- [Information shown]:
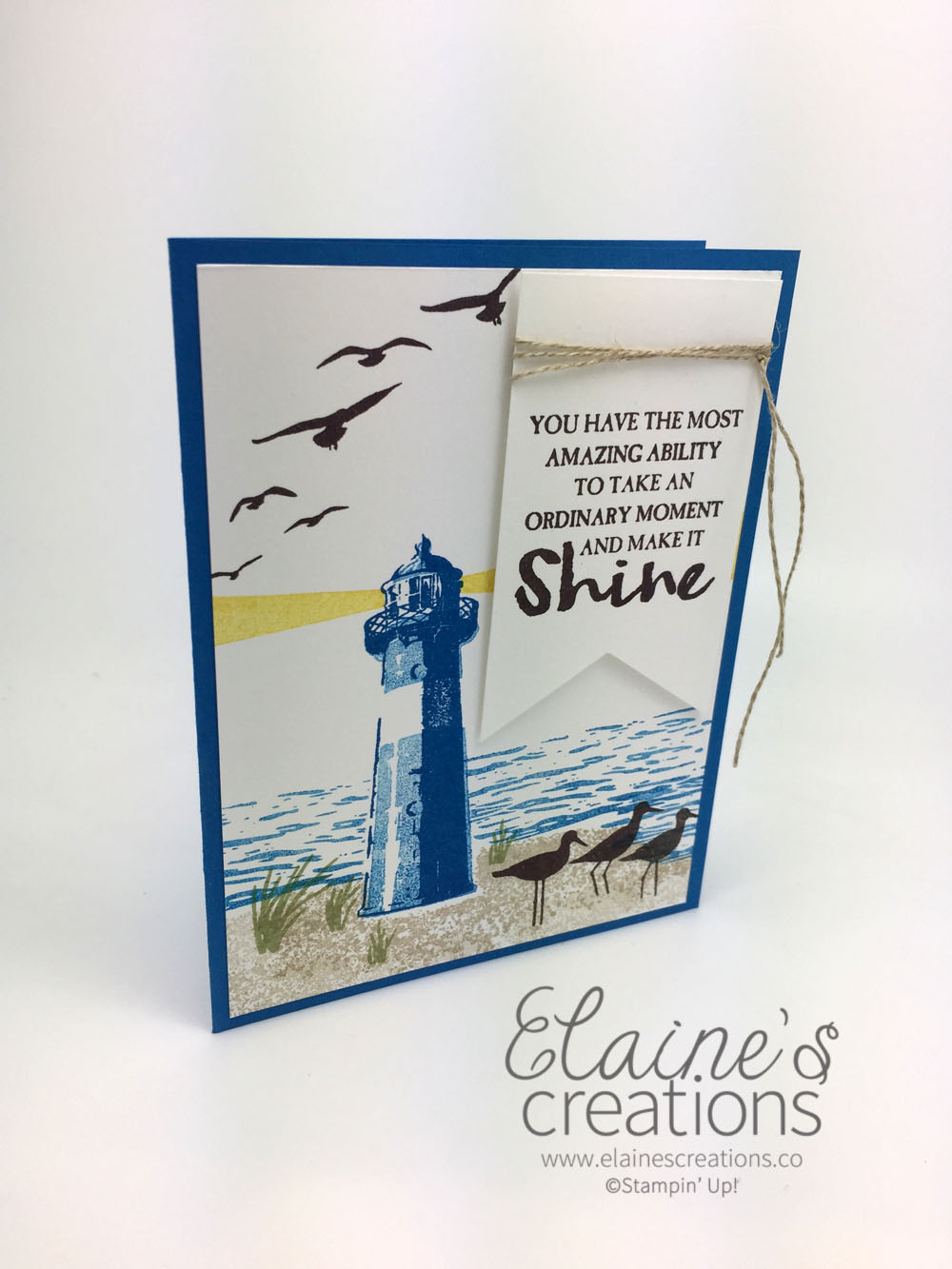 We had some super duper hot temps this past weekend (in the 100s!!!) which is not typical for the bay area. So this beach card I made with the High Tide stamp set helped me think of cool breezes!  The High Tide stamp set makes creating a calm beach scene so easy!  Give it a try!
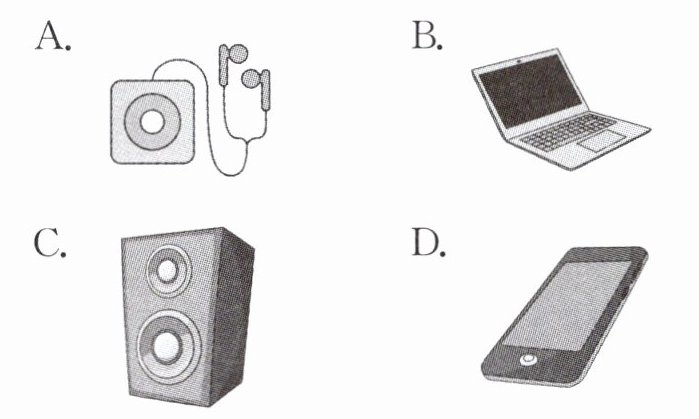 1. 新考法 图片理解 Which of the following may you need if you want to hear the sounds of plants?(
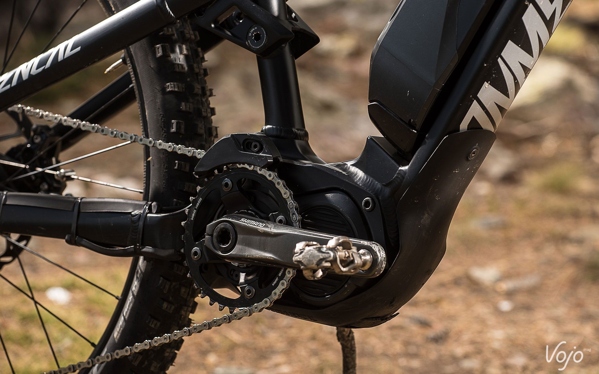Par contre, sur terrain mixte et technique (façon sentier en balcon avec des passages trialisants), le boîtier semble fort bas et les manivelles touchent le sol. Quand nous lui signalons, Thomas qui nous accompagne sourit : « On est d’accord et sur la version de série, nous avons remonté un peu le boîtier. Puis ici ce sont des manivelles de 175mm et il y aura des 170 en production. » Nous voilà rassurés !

- [Problem details]: Where a picture appears in the listing above, skip it and set down all the rest exactly.

- [Exercise solution]:
 We had some super duper hot temps this past weekend (in the 100s!!!) which is not typical for the bay area. So this beach card I made with the High Tide stamp set helped me think of cool breezes!  The High Tide stamp set makes creating a calm beach scene so easy!  Give it a try!
 1. 新考法 图片理解 Which of the following may you need if you want to hear the sounds of plants?(
Par contre, sur terrain mixte et technique (façon sentier en balcon avec des passages trialisants), le boîtier semble fort bas et les manivelles touchent le sol. Quand nous lui signalons, Thomas qui nous accompagne sourit : « On est d’accord et sur la version de série, nous avons remonté un peu le boîtier. Puis ici ce sont des manivelles de 175mm et il y aura des 170 en production. » Nous voilà rassurés !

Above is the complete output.